Does the sample variance follow the population variance when it is taken from the population I understand that given a sample of data, the following formula can be used to estimate the population variance.
$\displaystyle S^{2} = \frac{1}{n-1}\sum_{i=1}^{n}(X_{i}-\overline{X})^{2}$
However, I was asked this question. When a sample is taken from the population, does the sample variance follow that of the population? Is it still more accurate to use $\frac{1}{n-1}$ or we should use $\frac{1}{n}$ instead?
Edit 1: Sorry if the question wasnt clear enough.

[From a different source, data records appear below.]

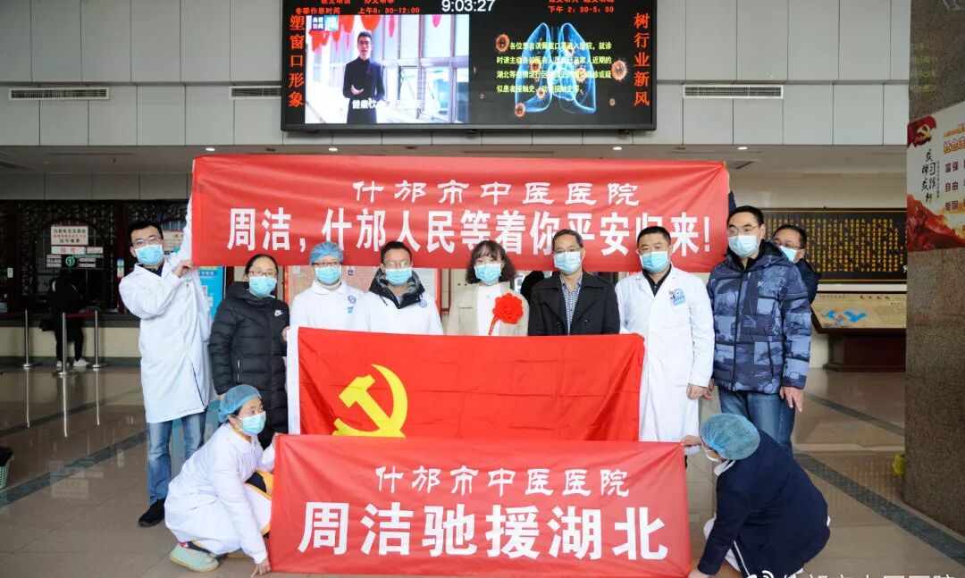 2月9日早上,什邡市中医医院门诊大厅,一场特殊的送行仪式正在这里举行。医院领导班子和科室代表参加了仪式,许多医院职工纷纷自发来到现场,为什邡市第一批援鄂医疗队员——医院ICU护士周洁加油。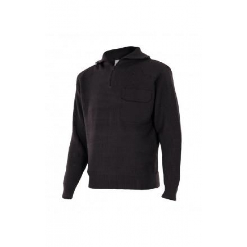 Jersey de punto de cuello alto con cremallera y tratamiento antipilling. Puños de canalé, bolsillo de parche en el pecho y refuerzo de tejido en hombros y codos.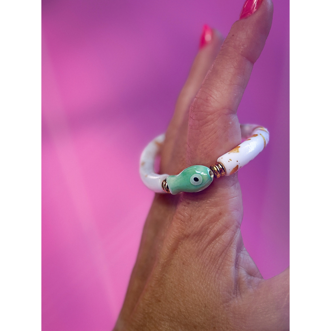 Maggie armbånd no 27 fra LÉ MOSCH, smukt boheme armbånd produceret af tube perler i acetat samt kunst perler.

What I meant is that if we try to find out the sample variance (a random sample from the population) given the population variance, do we take it as such or do we have to adjust it using $\frac{n}{n-1}$?
Thank you.
 A: If $X_1, X_2, \dots, X_n$ is a random sample from a population with variance
$\sigma^2,$ then the sample variance $S^2 = \frac{1}{n-1}\sum_{i=1}^n (X_i- \bar X)^2$ has $E(S^2) = \sigma^2,$ so that $S^2$ is an unbiased estimate of $\sigma^2.$ If $n$ is used in the denominator instead of $n - 1$, then
$S^2$ is biased, but the bias decreases with increasing $n.$
Furthermore, if the population is $\mathsf{Norm}(\mu,\sigma),$ then
$\frac{(n-1)S^2}{\sigma^2} \sim \mathsf{Chisq}(df = n-1).$ 
Thus, if
$L$ and $U$ are chosen (from software or printed tables of the chi-squared distribution) so that $P\left(L \le \frac{(n-1)S^2}{\sigma^2} \le U\right) = 0.95,$ then (after manipulation of the inequality) a 95% confidence interval for $\sigma^2$ is of
the form $\left(\frac{(n-1)S^2}{U}, \frac{(n-1)S^2}{L}\right).$
[Note: Technically, there are various ways to define the 'accuracy' of such an
estimate, and unbiasedness is not the only criterion for accuracy. It has
been argued that according to some criteria for accuracy and for some population distributions, it might be
better to use $n$ or, even $n+1,$ in the denominator. However, I'm guessing these are more advanced considerations than you have in mind.]